AKHIL SOOD
Writing, like life in general, has become all about trickery and ironic detachment and deception and a very carefully cultivated sense of superiority. But sometimes, people – and by people, I mean me and you both – just need to drop those pretences, hold their hands up, shrug, and admit – ‘You’ve bested me, you bitch.’
Like remember when you were a 13- or a 14- or a 15-year-old, and you discovered like Nirvana or Pearl Jam or Metallica or Megadeth or Iron Maiden or something for the first time? And now, that innocent delight you used to get while discovering new music just isn’t there anymore? It’s still quite a thrill, just that it’s tarred with a cynicism developed through years of misplaced wisdom? It’s just not the same, right?

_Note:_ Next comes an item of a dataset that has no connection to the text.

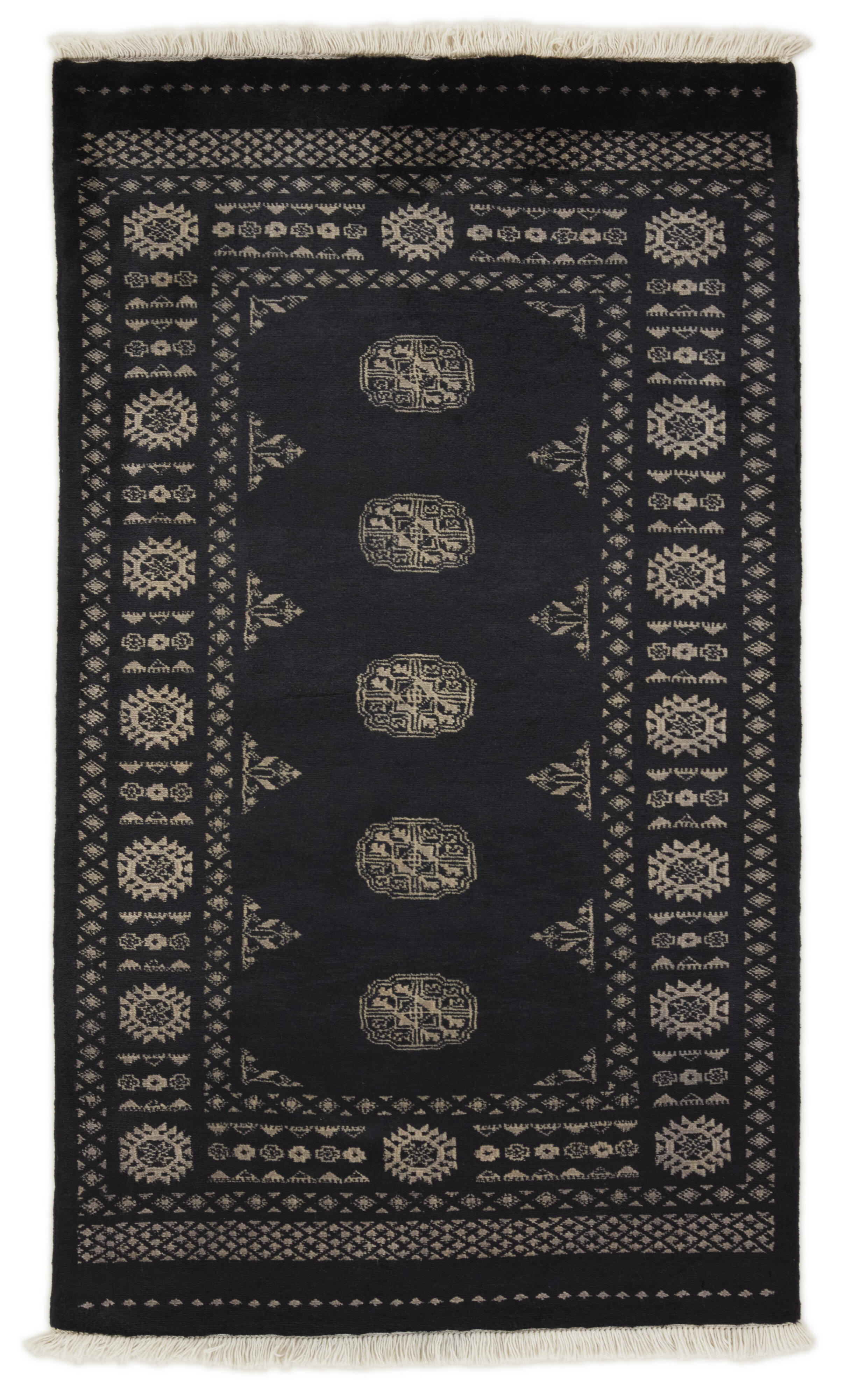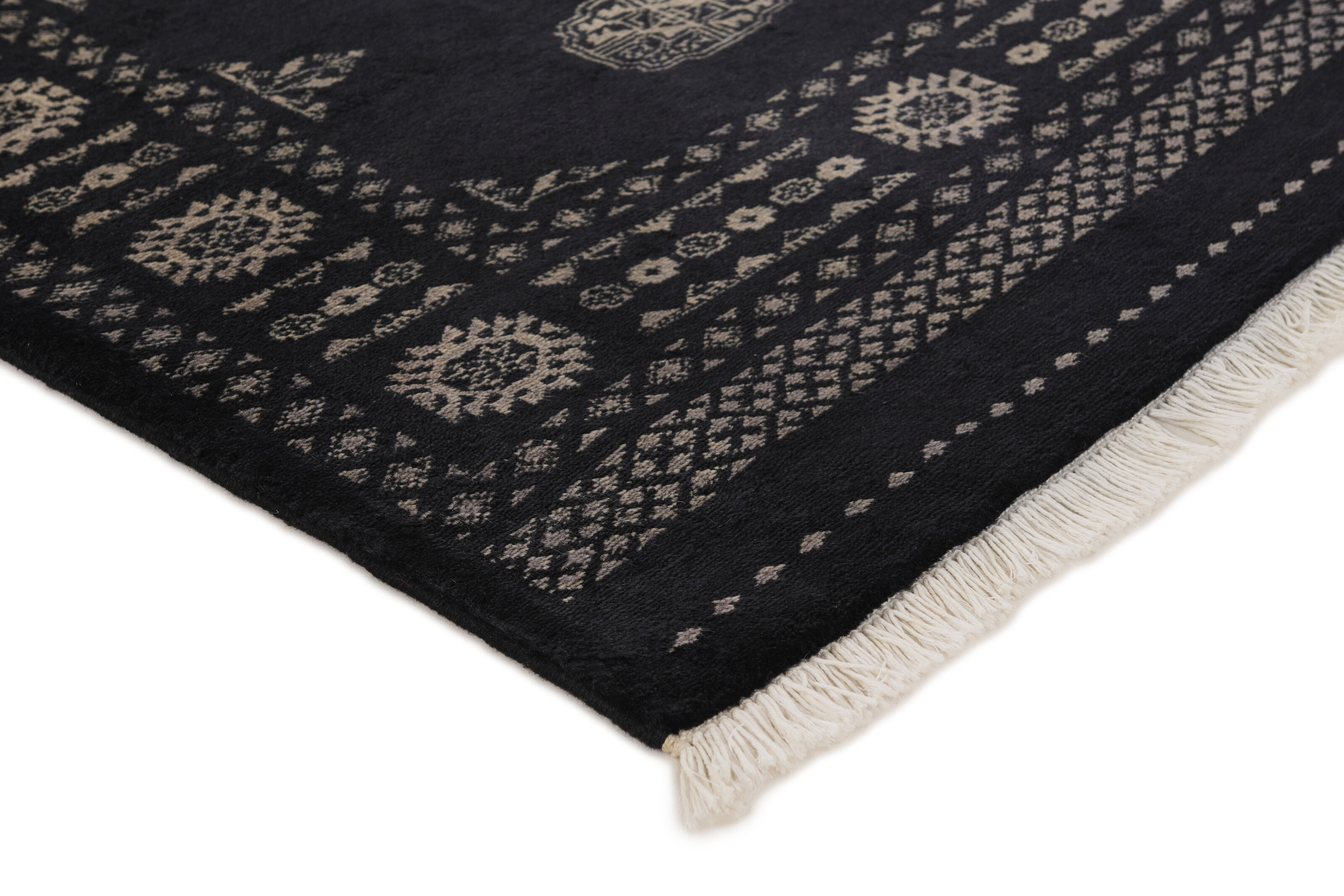 The 3-Ply rugs are produced in Lahore, Pakistan’s second largest city, which is also is the centre of the country’s hand knotted rug production. The rugs most often have the Tekke and Bokara patterns, which were originally inspired by patterns from Turkmenistan. The people of the Tekke Tribe, which was the largest nomadic tribe in Turkmenistan, were known as very industrious rug producers. The term Ply indicates the number of threads wound together to produce the yarn itself; 3-Ply thus guarantees that the yarn consists of three threads wound together. 3-Ply rugs appear thicker and softer than 2-Ply, as more wool is used to produce the rug. The quality of wool is particularly soft and shining, and the warm-coloured patterns are simple and harmonious.

Well, British Theatre (Mike Vennart, Richard A Ingram/Gambler), with their experimental electro/guitar/something sound, have somehow managed to cut across the bullshit to create that fragile and most elusive of emotions: Of innocence – where there may or may not be tons of shitty things to point out or worry about, but there’s also really no need to do that either; it’s not important.
The middle section of ‘As the Leaves are to the Limbs’, with its delicate sounds of tentative exhilaration, is British Theatre in its very essence. A purring and sincere guitar line opens up a route to glorious avenues with multiple sounds and textures and a quite stunning vocal melody wandering about, leaving one suitably overwhelmed as the song makes a measured exit. Actually, each piece on this phenomenal five-song EP showcases different facets of the band – from a searching vocal delivery over an impeccably produced glitchy canvas (‘The Gift’s Demands’) to the very introspective atmosphere of ‘Give A Man Enough Rope And He Will Hang Us’, a song which really explodes with the impact it makes once it’s over and fully registered, to the entirely textural and probing ‘Helicopters’.
In fact, the underlying theme of the album could possibly be duality – that of finding critical poise using passages of pure elation and a tense sort of melancholy – and subtlety. There’s no guitar distortion, no stretched vocal lines, no showy virtuosity which these guys undoubtedly possess (there’s a part written in 11/8 by my calculations, but even that feels completely organic). It’s sensitively crafted songwriting, with each song being its own centerpiece, yet fitting in quite perfectly into the larger narrative.
As for the obligatory Oceansize comparison, well, there’s nothing in common, aside from the two band members (‘Oceansize are fucking dead’, to quote Gambler). And while lamenting the untimely death of that band is still a favourite pastime for this writer, and no doubt thousands of others, the fact that the peaks that those guys reached quite regularly (‘Music for a Nurse’ or ‘Oscar Acceptance Speech’, to name but a couple) are fairly commonplace here too makes it all somewhat OK, or at least much better. The one thing on Dyed in the Wool Ghost is that the songs take their time to register with their true impact, but the reward is pretty much worth it too.